Un parroco e una famiglia insieme in parrocchia per annunciare il Vangelo. Diciannove anni fa nasceva in me l’idea, proposta poi al Consiglio Pastorale, di mettere al cuore della parrocchia Pentecoste di Milano un’esperienza di fraternità: una dinamica già sperimentata nel mondo missionario ma nuova per la realtà diocesana.
Da quella prima esperienza, non ho smesso di pensarmi “in fraternità” nel mio ministero di parroco. In Perù come, adesso, nella periferia di Milano continuo a vivere la bellezza missionaria della vita fraterna. Esperienza resa ancora più ricca oggi dalla presenza di un prete dedicato alla pastorale Rom e Sinti, di due famiglie, e di una comunità di suore Marcelline.

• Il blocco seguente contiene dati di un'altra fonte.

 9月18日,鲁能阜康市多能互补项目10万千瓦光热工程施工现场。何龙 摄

La nostra Fraternità Missionaria non è un’esperienza isolata. In questi diciannove anni molte altre famiglie e preti della diocesi milanese hanno iniziato questa nuova avventura parrocchiale. Ne è nato un coordinamento simpaticamente autobattezzatosi “Famiglie Missionarie a Km0”. Sono ormai quasi trenta le realtà familiari coinvolte, che vivono in canonica o in oratorio o che aprono la loro casa all’accoglienza. Sono storie diversissime per provenienza spirituale ed esperienze pastorali: fidei donum, preti o laici, rientrati dalla missione all’estero, membri del terz’ordine francescano, del Mato Grosso, di Comunione e Liberazione, della comunità papa Giovanni XXIII, provenienti dallo scoutismo o dall’esperienza oratoriana. Tutte con un denominatore comune: scommettere sul potenziale fraterno e missionario della parrocchia.

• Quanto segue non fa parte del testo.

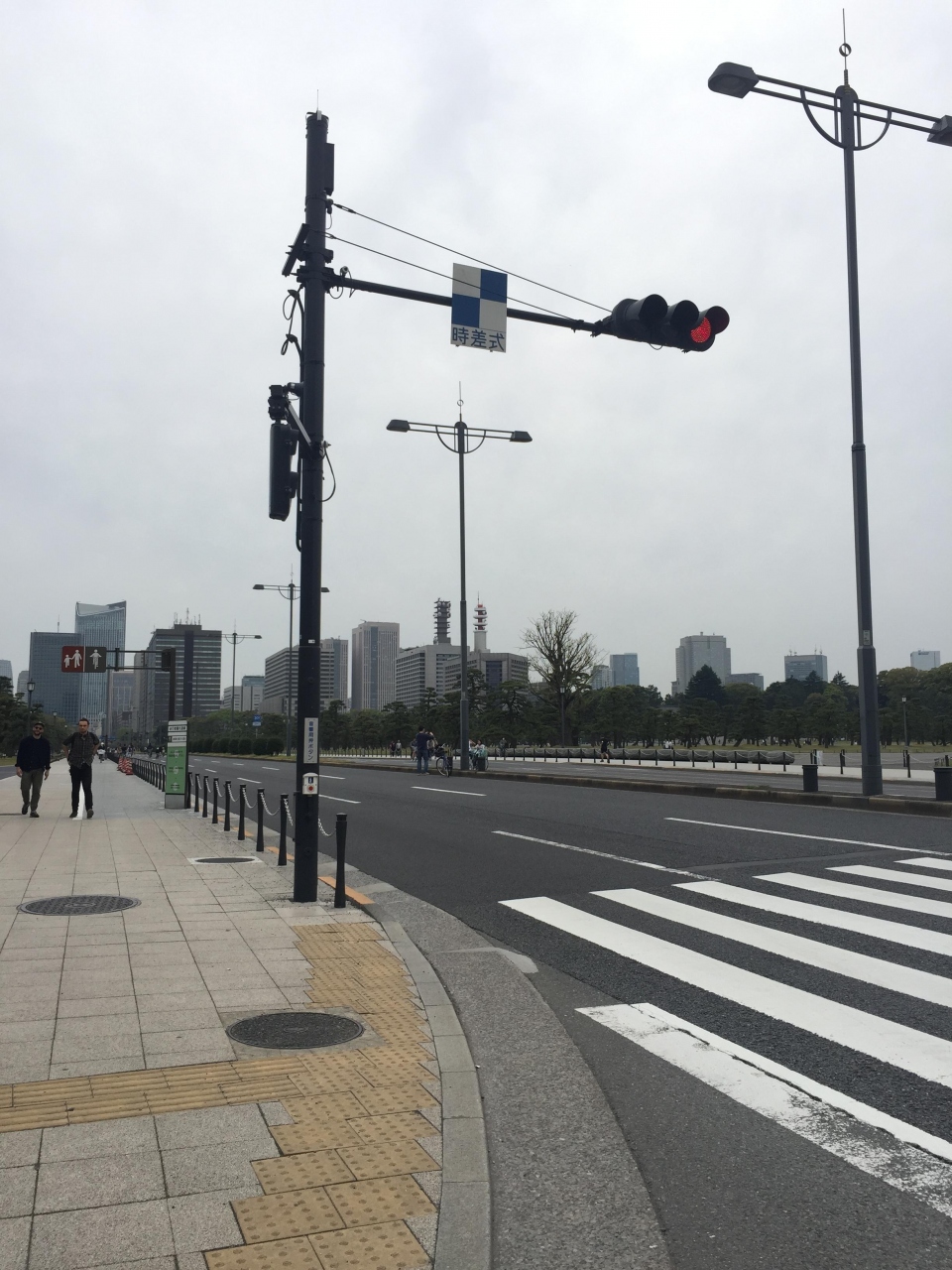 皇居外苑の敷地を通っている大通りです。名前の通り内堀に沿って一周するようになっている通りなのだそうです。皇居外苑を突っ切っている通りの付近はあまり交通量も多くない感じでしたが、しっかり信号があり、交通誘導の人もいました。

Alle famiglie e alle suore che vivono con me ho chiesto fin dall’inizio non una definizione di ruoli e incarichi ma di vivere in fraternità, con ritmi di preghiera comune, con l’ascolto della Parola di Dio e la comune preoccupazione missionaria in questo pezzo di periferia milanese. A ciascuno ho chiesto di essere quello che è, vivendo fino in fondo la propria vocazione familiare, sacerdotale o religiosa a servizio della parrocchia.
Fraternità
La fraternità è l’esperienza originaria di ogni essere umano e di ogni cristiano: non ci si sceglie ma ci si ritrova insieme, non per affinità elettive ma per l’appartenenza a una famiglia. È esperienza molto concreta, particolare e al contempo universale. Si nutre di legami di “carne e sangue” con “questo” fratello e “questa” sorella, per riconoscersi in un legame universale, capaci di mescolarsi, incontrarsi, prendersi in braccio, appoggiarsi. La vera fraternità non è escludente ma inclusiva. Quella particolare familiarità che ci lega a Gesù Cristo nostro fratello, ci introduce ad una autentica “mistica del vivere insieme” che fa bene alla salute.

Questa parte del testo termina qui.